I also found that business students ran into many of the same problems, even though one may expect them to have learned about international business in detail. I was surprised to find out that, while many undergraduate business programs have courses in international commerce, they typically serve more as high-level introductions than detailed, practical instructions on how to succeed in the global marketplace.

When I discovered the FITTskills program, I appreciated that it is designed as a practical how-to guide for professionals in international trade.

The online courses move beyond theory and are designed for practitioners. The course textbooks often include checklists of what needs to be done in any given business scenario.

As a result, I decided to complete the FITTskills program as an undergraduate student, and I found it to be incredibly beneficial as a supplement to my existing studies. FITTskills brought the economic concepts I learned to life, provided the details and practical step-by-step instructions I was looking for, and gave me a sense of the real problems and opportunities that businesses face.

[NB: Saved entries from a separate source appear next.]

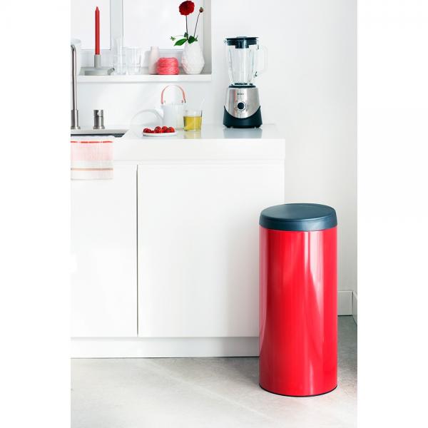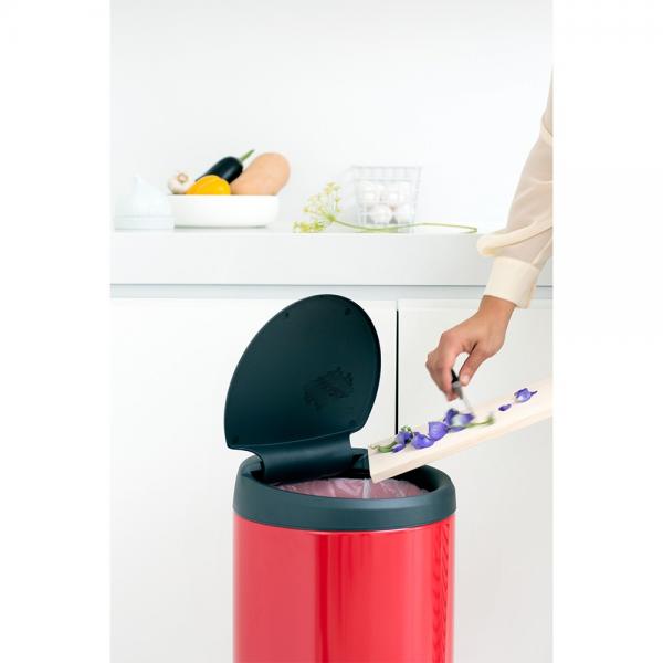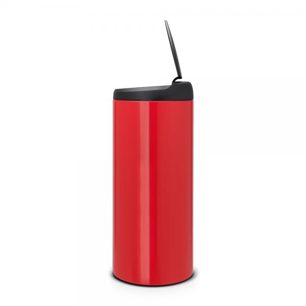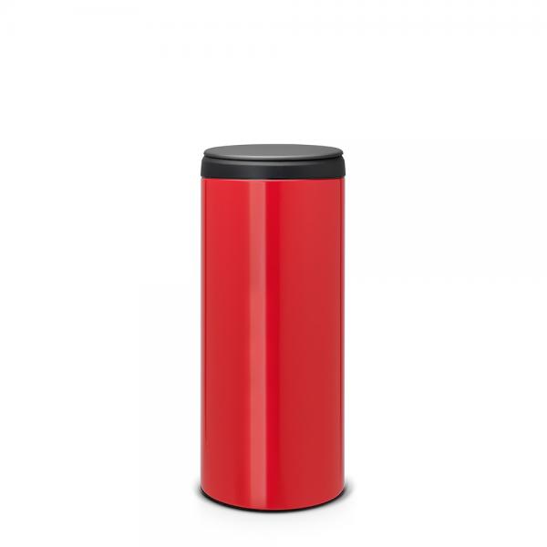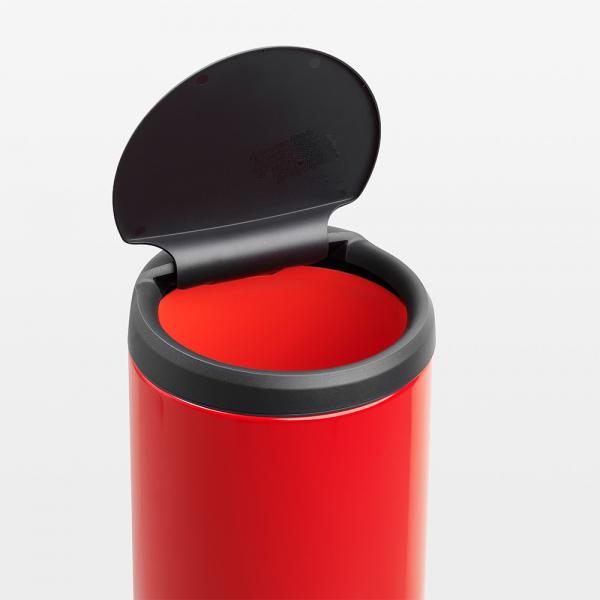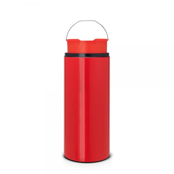 Czerwony lakierowany proszkowo, 30 litrowy kosz typu 'FlipBin' posiada szczelną pokrywę z wysokiej jakości tworzywa, która zapobiega przedostawaniu się zapachów na zewnątrz kosza Wewnątrz znajduje się plastikowy czerwony pojemnik, który można swobodnie wyjąć, ponadto posiada otwory, które zapobiegają efektowi zasysania pełnego worka, przy jego wymianie.
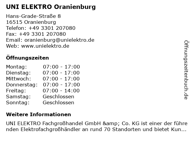| Öffnungszeiten UNI ELEKTRO Oranienburg in Oranienburg anzeigen | |
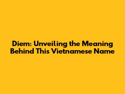Diem: Unveiling The Meaning Behind This Vietnamese Name
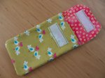 Rosanne had gevraagd of ik een hoesje voor haar I-pod wilde maken. Bij de eerste die ik maakte zitten de vogeltjes aan de voorkant ondersteboven en ik vind de sluiting niet zo goed gelukt. Daarom heb ik er nog maar eentje gemaakt met een groter klepje en nu in de lengte. Ze had zondag zelf de stofjes uitgezocht.
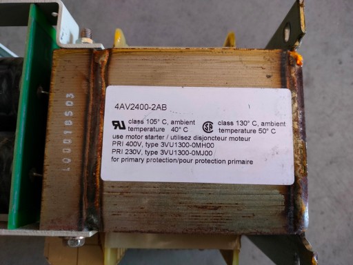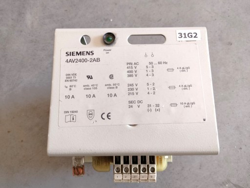 Do sprzedania Używany, całkowicie sprawny i w bardzo dobrym stanie zasilacz transformatorowy Siemens 4AV2400-2AB 24VDC 10A zasilanie 215-245VAC lub 385-415VAC. Napięcie wyjściowe 24 VDC do 10A.
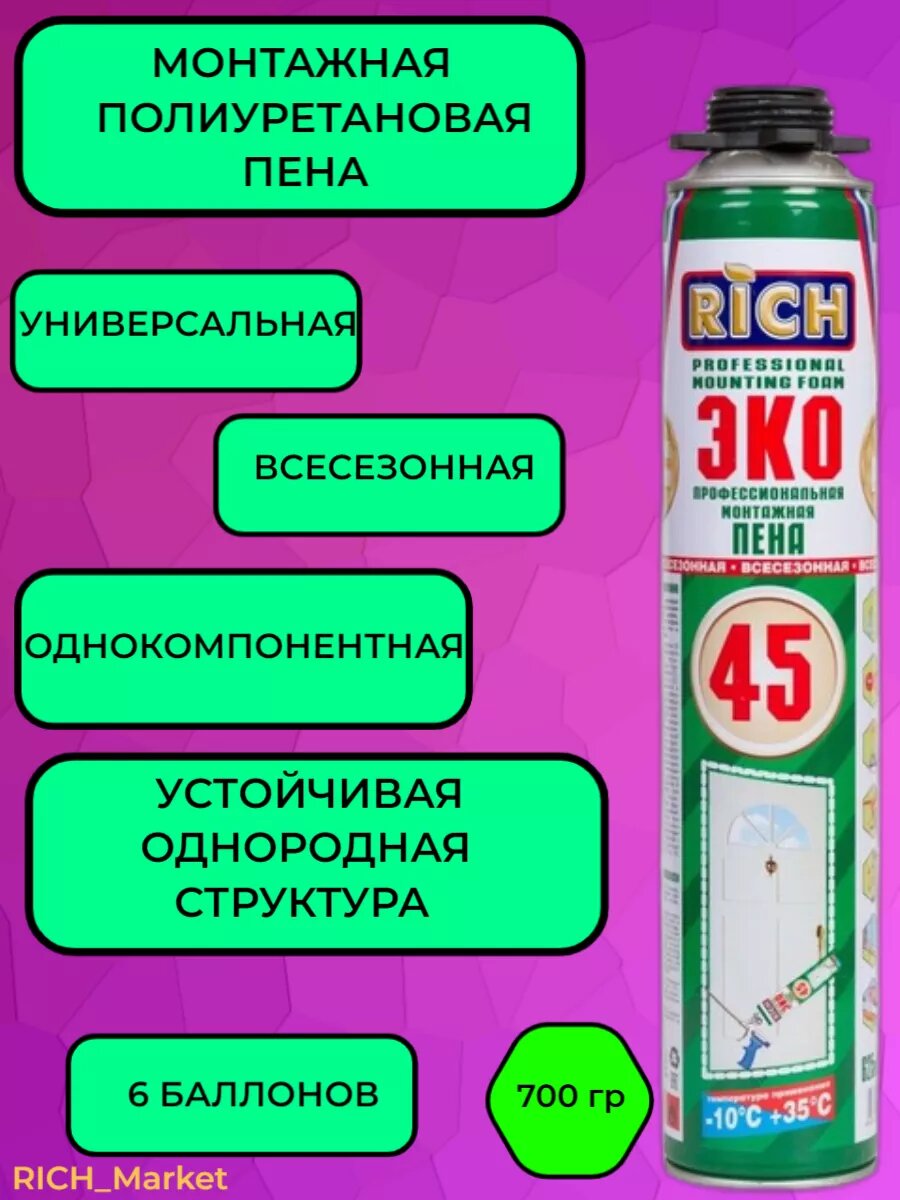 Монтажная пена RICH 45+ профессиональная, под пистолет, всесезонная, 6 баллонов интересное:
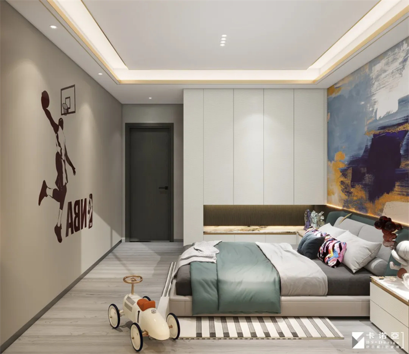 沿墻邊進行空間布局,打造學習區(qū)、休閑區(qū)和收納區(qū),讓男孩擁有自己的私享天地。

While many people wait until they’re already in the workplace to take training like this, I believe that students too, not just professionals, should take the FITTskills program.

FITTskills helped me get a job

Completing the FITTskills program while I was a student required multi-tasking and time management skills. Furthermore, I had to pay for the FITTskills courses, in addition to my regular tuition payments.

However, it was well worth it. I saw it as an investment (of time and money) in my future, which has now paid off. I’m new in my career, at just 24, but I firmly believe the program helped me become more competitive in the job market and get my first post-university job.

When I graduated with my Bachelor of Arts at the University of Windsor, I applied to an opening at the Asia Pacific Foundation of Canada, the leading think-tank on Canada-Asia relations. When I applied, I was nervous because I only had a Bachelor’s degree—I assumed most applicants would have a Master’s degree or other qualifications. Nonetheless, I was grateful to be hired on.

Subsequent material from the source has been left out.